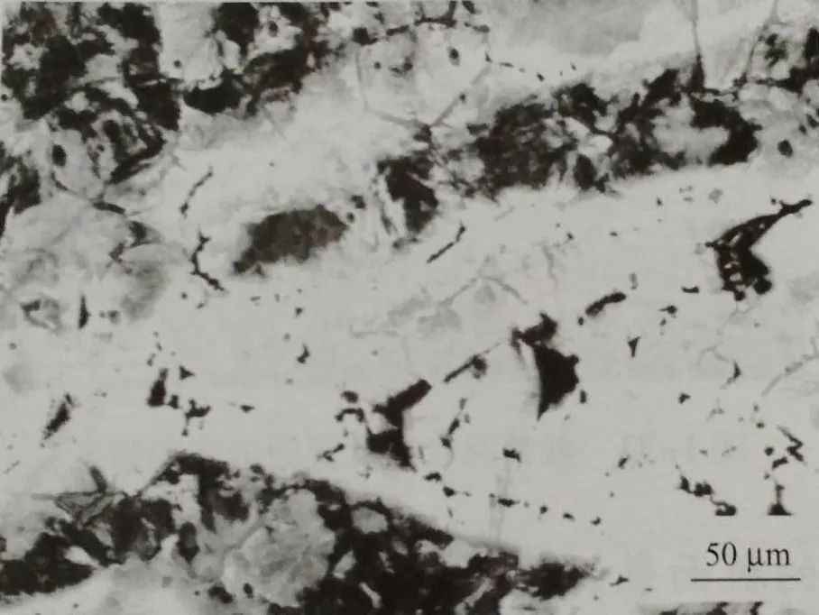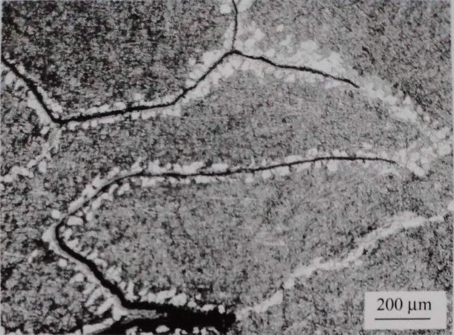 取截面金相試樣進行顯微觀察,主裂紋附近有一些呈網絡狀分布的細裂紋、孔貌及 MnS 夾雜物(圖1-28)。
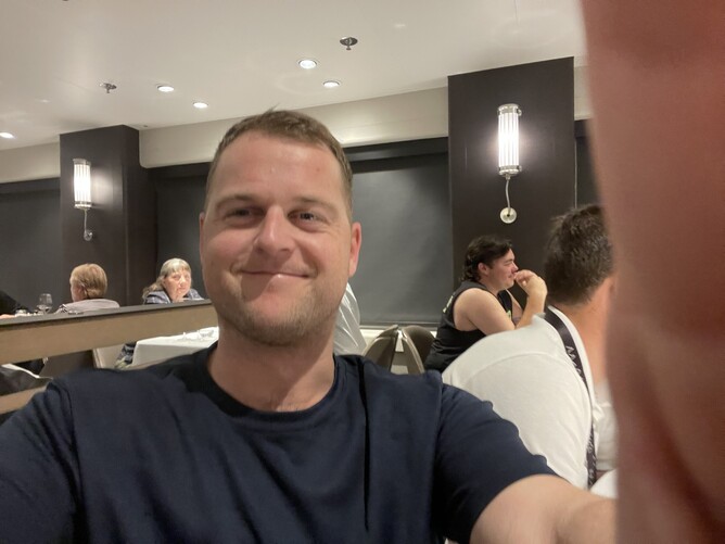So I asked Lawrence at the next door table to take the photo. He quickly takes one of himself before he takes us (I find out later).
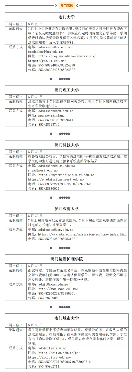 其余13所香港高校和6所澳门高校在我省采用独立的招生方式。考生按照高校的要求提交入学申请,须参加当年高考及高校组织的面试等。高校根据考生高考成绩和面试表现等其他要求录取考生。
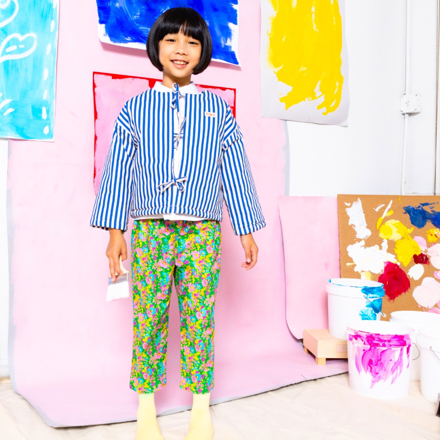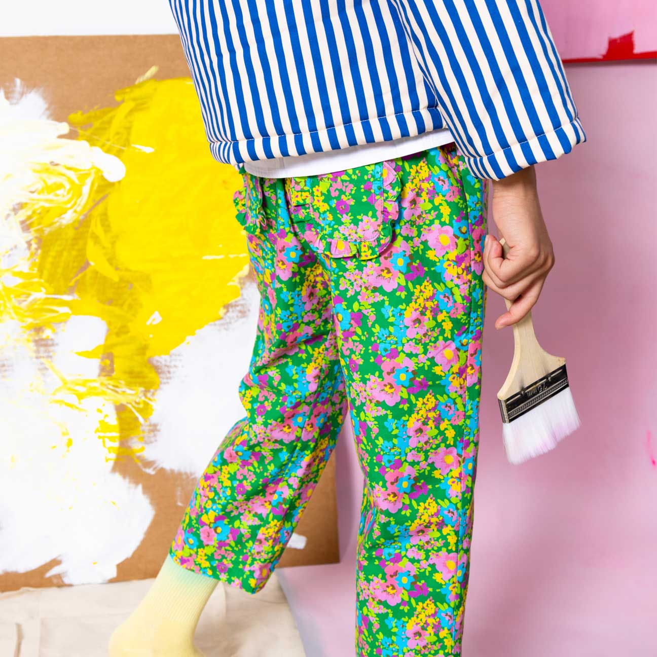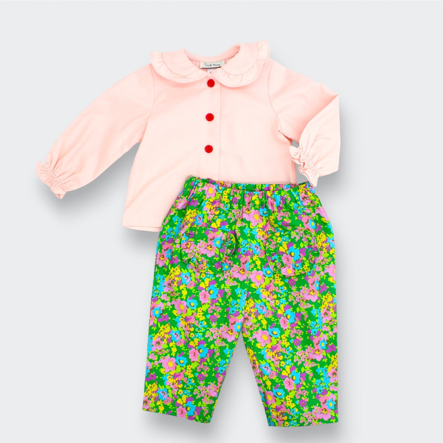 A joyful expression of color and comfort, these straight pants are designed to move gently through a child’s day. Set on a vivid green ground, a lively scatter of florals feels playful yet timeless, like a memory of spring carried from one adventure to the next. Thoughtfully proportioned with a clean, straight silhouette, this piece offers ease without excess volume, making it both charming and practical.
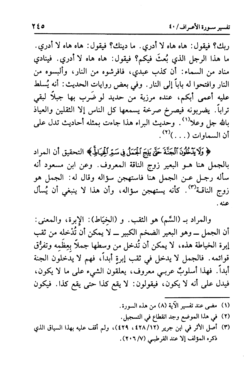 {وَلاَ يَدْخُلُونَ الْجَنَّةَ حَتَّى يَلِجَ الْجَمَلُ فِي سَمِّ الْخِيَاطِ} التحقيق أن المراد بالجمل هنا هو البعير زوج الناقة المعروف. وعن ابن مسعود أنه سأله رجل عن الجمل هنا فاستهجن سؤاله وقال له: الجمل هو زوج الناقة (¬3). كأنه يستهجن سؤاله، وأن هذا لا ينبغي أن يُسأل عنه.
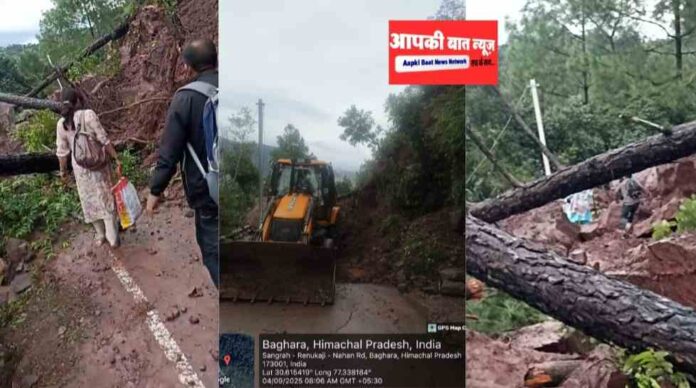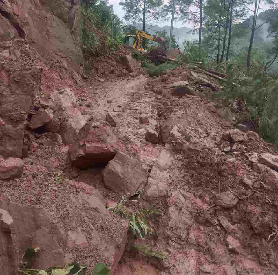 नाहन : नाहन-श्री रेणुकाजी सड़क पर नेहली से कुछ ही दूरी पर आज सुबह भारी भूस्खलन हुआ, जिससे 50 मीटर से ज्यादा हिस्सा पूरी तरह अवरूद्ध हो गया है। यहां पहाड़ी से चीड़ के पेड़ भी भूस्खलन की चपेट में आकर सड़क पर गिरे हैं।

----

• _TASK GOAL_
From the opening line of the entries, copy each line exactly until the line with "其余13所香港高校和6所澳门", which is copied as well; leave out pictures.

• _ANSWER TO THIS PROBLEM_
 取截面金相試樣進行顯微觀察,主裂紋附近有一些呈網絡狀分布的細裂紋、孔貌及 MnS 夾雜物(圖1-28)。
So I asked Lawrence at the next door table to take the photo. He quickly takes one of himself before he takes us (I find out later).
 其余13所香港高校和6所澳门高校在我省采用独立的招生方式。考生按照高校的要求提交入学申请,须参加当年高考及高校组织的面试等。高校根据考生高考成绩和面试表现等其他要求录取考生。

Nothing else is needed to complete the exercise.